[iDC] Against Web 2.0

Andreas Schiffler aschiffler at ferzkopp.net
Sat May 27 19:17:15 EDT 2006


Trebor Scholz wrote:

>Wikipedia states about Web 2.0 as "a social phenomenon referring to an
>approach to creating and distributing Web content itself, characterized
>by open communication, decentralization of authority, freedom to share
>and re-use." 
><http://en.wikipedia.org/wiki/Web_2.0>
>
>Next time you hear Web 2.0 feel the sour aftertaste.
>  
>
As a technologist, I find it most fascinating how the Web2.0 trend -- which is essentially a rediscovery of existing technology (RSS - Netscape 1999, AJAX - XmlHttpRequest IE5, DHTML/CSS - IE5, etc.) that became popular with by browser-based companies (ie. Google - GoogleMaps) -- can transform into so much as a "social phenomenon".
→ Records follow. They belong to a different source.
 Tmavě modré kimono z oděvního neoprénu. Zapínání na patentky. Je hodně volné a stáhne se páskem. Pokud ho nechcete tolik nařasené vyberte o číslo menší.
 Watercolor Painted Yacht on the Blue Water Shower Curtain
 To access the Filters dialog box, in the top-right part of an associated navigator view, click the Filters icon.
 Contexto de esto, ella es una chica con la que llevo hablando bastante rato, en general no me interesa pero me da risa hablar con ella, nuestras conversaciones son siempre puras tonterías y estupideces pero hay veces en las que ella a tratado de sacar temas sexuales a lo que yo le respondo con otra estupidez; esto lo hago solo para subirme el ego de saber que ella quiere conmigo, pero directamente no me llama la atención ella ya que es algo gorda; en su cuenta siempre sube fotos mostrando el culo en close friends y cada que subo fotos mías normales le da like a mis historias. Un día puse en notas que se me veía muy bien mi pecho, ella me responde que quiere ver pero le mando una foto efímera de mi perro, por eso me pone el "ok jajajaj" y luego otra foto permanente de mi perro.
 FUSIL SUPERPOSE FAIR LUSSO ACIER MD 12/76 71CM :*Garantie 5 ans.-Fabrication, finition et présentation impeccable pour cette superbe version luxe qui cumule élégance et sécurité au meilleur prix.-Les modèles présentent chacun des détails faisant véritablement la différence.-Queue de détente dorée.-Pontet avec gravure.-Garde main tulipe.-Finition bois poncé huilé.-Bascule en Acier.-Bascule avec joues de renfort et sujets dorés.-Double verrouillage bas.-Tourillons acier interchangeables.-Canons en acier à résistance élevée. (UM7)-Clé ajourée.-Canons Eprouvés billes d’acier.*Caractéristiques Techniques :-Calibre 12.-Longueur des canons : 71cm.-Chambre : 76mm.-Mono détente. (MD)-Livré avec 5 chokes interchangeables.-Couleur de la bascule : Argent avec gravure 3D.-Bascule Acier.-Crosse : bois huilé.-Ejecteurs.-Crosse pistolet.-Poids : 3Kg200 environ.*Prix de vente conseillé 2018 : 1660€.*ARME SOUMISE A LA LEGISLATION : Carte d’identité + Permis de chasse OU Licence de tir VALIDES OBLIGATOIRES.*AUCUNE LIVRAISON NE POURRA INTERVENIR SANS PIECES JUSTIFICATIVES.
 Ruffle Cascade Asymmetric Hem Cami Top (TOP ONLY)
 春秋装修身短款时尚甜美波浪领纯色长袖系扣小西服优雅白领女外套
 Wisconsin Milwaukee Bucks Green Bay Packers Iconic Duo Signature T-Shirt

Some observations: For example, Wikipedia is at best Web1.5 and could have been made with CGI scripts on IE3 in 1998. And why anyone would want to develop desktop applications that run in a browser is beyond me (morfik.com). While graphics card manufacturers are pushing 2Gpixels/sec down the pixel-pipeline, I am sitting here on my Firefox browser trying to figure out if the Web2.0 app/site is loading, has crashed or if I missed the click-target again ... I guess they forgot the "spinner" icon (or made it too small). And while there is a the semantic web with all its research and history, there is really NO semantic web that really makes a difference to the user - take RSS tagging: by now, its all spammed up anyhow (just do a technorati search for web20). Or take our corporate blog (blog.ic-agency.com) which is a web2.0 thing to do for an innovative company I guess (it was suggested that we all contribute from time to time). No tracebacks or comments so far and the stupid typepad service doesn't even provide a hit statistics on the articles - to get an audience, I guess one must advertise the blog on AdWords ... 
  
As for the web 2.0 as a business - I have one possible answer: the current VC money influx into the tech sector (the mini bubble, thus 2.0) is driven by a simple fact: VCs have still lots of money under management from the 1995-2000 bubble and will loose their comission if its not invested. So as a VC, what do you do: return the money to the investor or spend $6M on gather.com (and charge a 10% comission). Go figure!